EXERCISE GOAL :: Without including any images, please transcribe all the lines below exactly.

GIVEN INFORMATION ::
----------
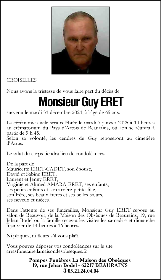 Décédé à Arras (62000, France) le mardi 31 décembre 2024 à l'âge de 65 ans
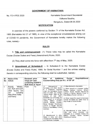 Two dayS after allowing liquor sales in Karnataka following the easing of lockdown rules, the Yediyurappa government has hiked the excise duty on liquor by 11 per cent. This is in addition to the six per cent increase that was announced in the budget.
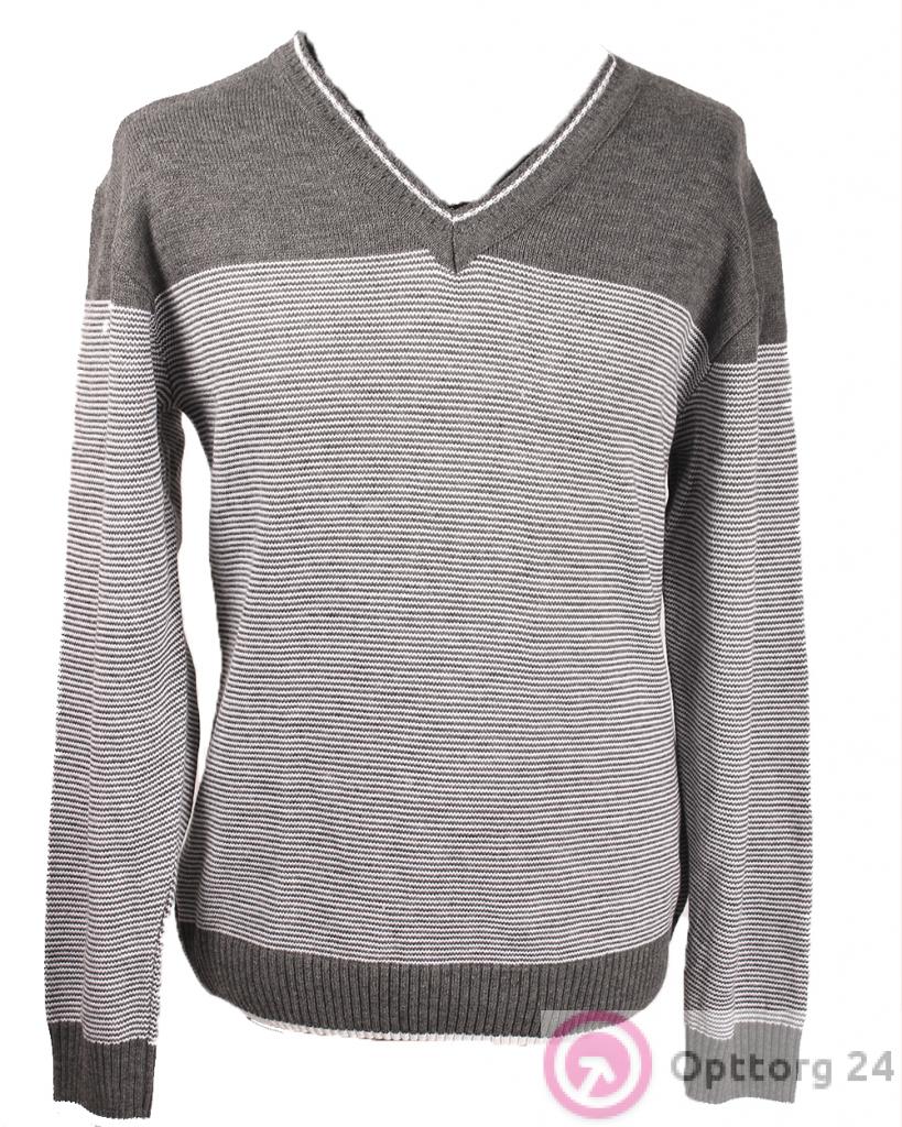 Джемпер мужской шерстяной серый в мелкую полоску. оптом
----------
ANSWER SPACE ::
 Décédé à Arras (62000, France) le mardi 31 décembre 2024 à l'âge de 65 ans
 Two dayS after allowing liquor sales in Karnataka following the easing of lockdown rules, the Yediyurappa government has hiked the excise duty on liquor by 11 per cent. This is in addition to the six per cent increase that was announced in the budget.
 Джемпер мужской шерстяной серый в мелкую полоску. оптом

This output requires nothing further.